▸ Your instructions
Repeat all of the data word for word so that only the pictures are missing from the copy.

▸ Exercise data
┌──
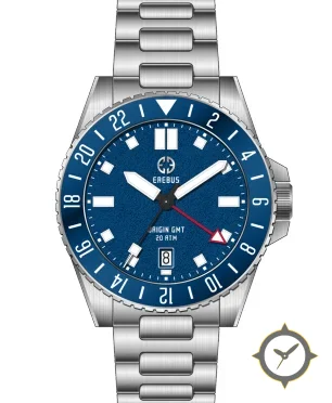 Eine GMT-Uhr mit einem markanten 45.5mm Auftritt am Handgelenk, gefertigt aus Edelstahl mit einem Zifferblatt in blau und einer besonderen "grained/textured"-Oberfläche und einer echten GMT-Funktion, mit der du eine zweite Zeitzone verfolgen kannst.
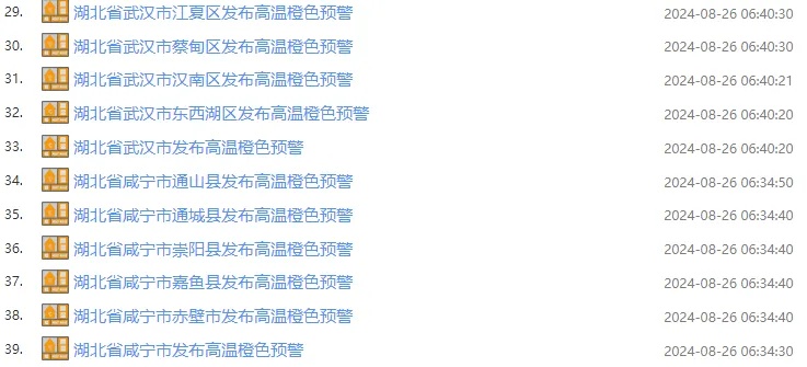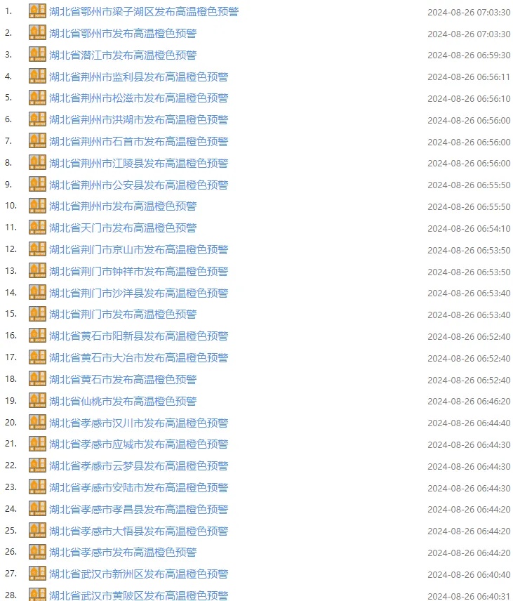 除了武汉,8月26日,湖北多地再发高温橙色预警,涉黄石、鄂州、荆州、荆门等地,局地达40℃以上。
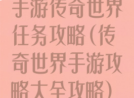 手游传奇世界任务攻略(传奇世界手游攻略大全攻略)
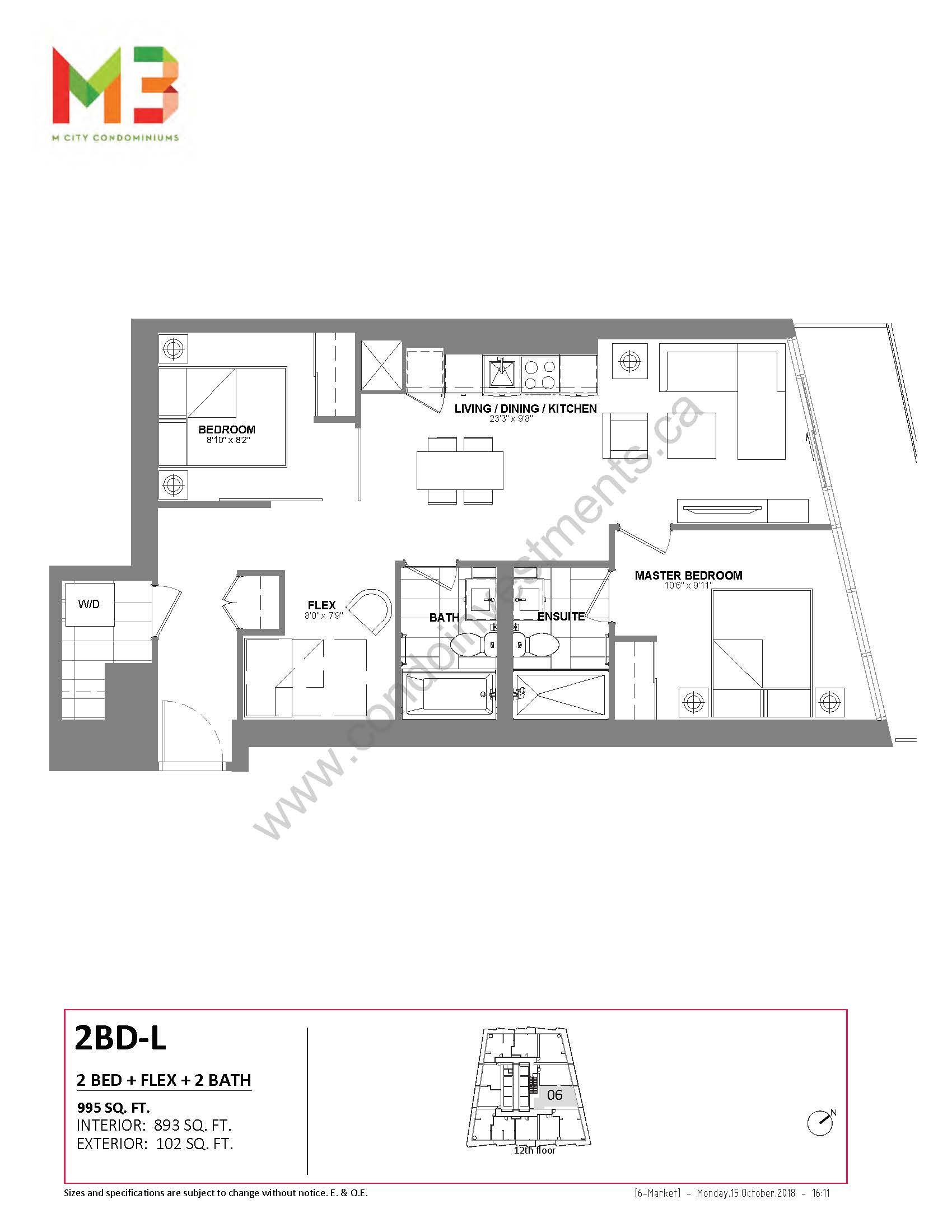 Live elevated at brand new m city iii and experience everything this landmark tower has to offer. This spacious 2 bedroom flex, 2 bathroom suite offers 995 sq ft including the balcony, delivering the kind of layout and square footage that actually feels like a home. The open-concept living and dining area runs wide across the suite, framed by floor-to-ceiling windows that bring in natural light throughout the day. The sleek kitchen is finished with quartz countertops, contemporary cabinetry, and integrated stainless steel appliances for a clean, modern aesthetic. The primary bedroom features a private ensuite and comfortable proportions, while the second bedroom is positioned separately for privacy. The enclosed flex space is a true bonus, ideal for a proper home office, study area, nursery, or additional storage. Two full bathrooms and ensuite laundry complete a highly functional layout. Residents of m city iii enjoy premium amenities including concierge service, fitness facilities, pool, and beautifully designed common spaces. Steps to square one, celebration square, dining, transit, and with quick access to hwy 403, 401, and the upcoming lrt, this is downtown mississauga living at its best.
└──
▸ Result of the exercise
 Eine GMT-Uhr mit einem markanten 45.5mm Auftritt am Handgelenk, gefertigt aus Edelstahl mit einem Zifferblatt in blau und einer besonderen "grained/textured"-Oberfläche und einer echten GMT-Funktion, mit der du eine zweite Zeitzone verfolgen kannst.
 除了武汉,8月26日,湖北多地再发高温橙色预警,涉黄石、鄂州、荆州、荆门等地,局地达40℃以上。
 手游传奇世界任务攻略(传奇世界手游攻略大全攻略)
 Live elevated at brand new m city iii and experience everything this landmark tower has to offer. This spacious 2 bedroom flex, 2 bathroom suite offers 995 sq ft including the balcony, delivering the kind of layout and square footage that actually feels like a home. The open-concept living and dining area runs wide across the suite, framed by floor-to-ceiling windows that bring in natural light throughout the day. The sleek kitchen is finished with quartz countertops, contemporary cabinetry, and integrated stainless steel appliances for a clean, modern aesthetic. The primary bedroom features a private ensuite and comfortable proportions, while the second bedroom is positioned separately for privacy. The enclosed flex space is a true bonus, ideal for a proper home office, study area, nursery, or additional storage. Two full bathrooms and ensuite laundry complete a highly functional layout. Residents of m city iii enjoy premium amenities including concierge service, fitness facilities, pool, and beautifully designed common spaces. Steps to square one, celebration square, dining, transit, and with quick access to hwy 403, 401, and the upcoming lrt, this is downtown mississauga living at its best.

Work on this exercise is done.